Smith’s mandate when he was appointed in April was to preserve the status of a side that were shock champions only seven years ago, but nine points from his eight games in charge was simply not enough.

And that means relegation to the Championship just six years after they reached the Champions League quarter-finals.

Smith said he would speak to chairman Aiyawatt Srivaddhanaprabha in the next couple of days.

“The time and effort he puts in to the football is there to see,” he said. “I am not thinking about my future at the moment. It is raw getting relegated and I will go and reflect on it.

“The raw materials are of an elite club. It feels raw, it hurts, but with the infrastructure it will bounce back. You have to improve on the things that let you down and I have no doubts the players will.”
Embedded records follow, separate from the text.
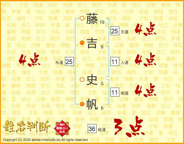 藤吉史帆さんの天運は25画の4点!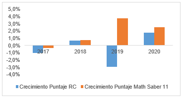 En cuanto a los logros académicos previos (puntaje en matemáticas en las pruebas de salida de la secundaria, Saber 11), se confirma su importancia en todos los años de análisis (Delaney y Devereux, 2019; Justman y Méndez, 2018), excluyendo de esta conclusión el 2019, año de mayor caída del puntaje promedio en RC.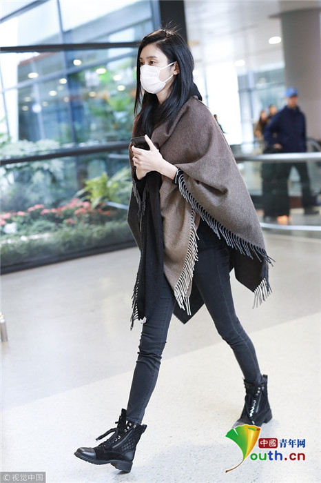 奚梦瑶披围巾赶飞机

Barnes’ delightful finish and a 1-0 half-time lead gave the Foxes optimism they may just stay alive.

But after Everton took the lead through Abdoulaye Doucoure’s brilliant strike, Faes’ goal mattered little as Bournemouth could not find a way through.

Leicester supporters did break out into cheers on a number of occasions as news spread of a Cherries ‘equaliser’ – but each time it was a false dawn.

A summer of upheaval follows for the Foxes, with Maddison and Barnes the most sellable assets, and seven players and manager Smith out of contract.

West Ham supporters were in fine voice throughout the game, knowing Premier League football was secure for another year, and they have a European final to look forward to.

As news of the scoreline from Goodison came through, they taunted the home crowd with chants of ‘You’re going down’.

Their team were second best for much of the contest, with Fornals netting a consolation and skipper Declan Rice possibly featuring in his last league game for the club.

This was their 20th league defeat of the season, but their focus was already on Prague, where they face Italian side Fiorentina in the Europa Conference League final on 7 June.

Victory would give them their first major trophy since they lifted the 1980 FA Cup.

Manager David Moyes said: “Getting to European finals don’t come around too often for lots of top, British clubs.

“Manchester City are in the biggest one but the competition we earned being in, we got ourselves into the final of.”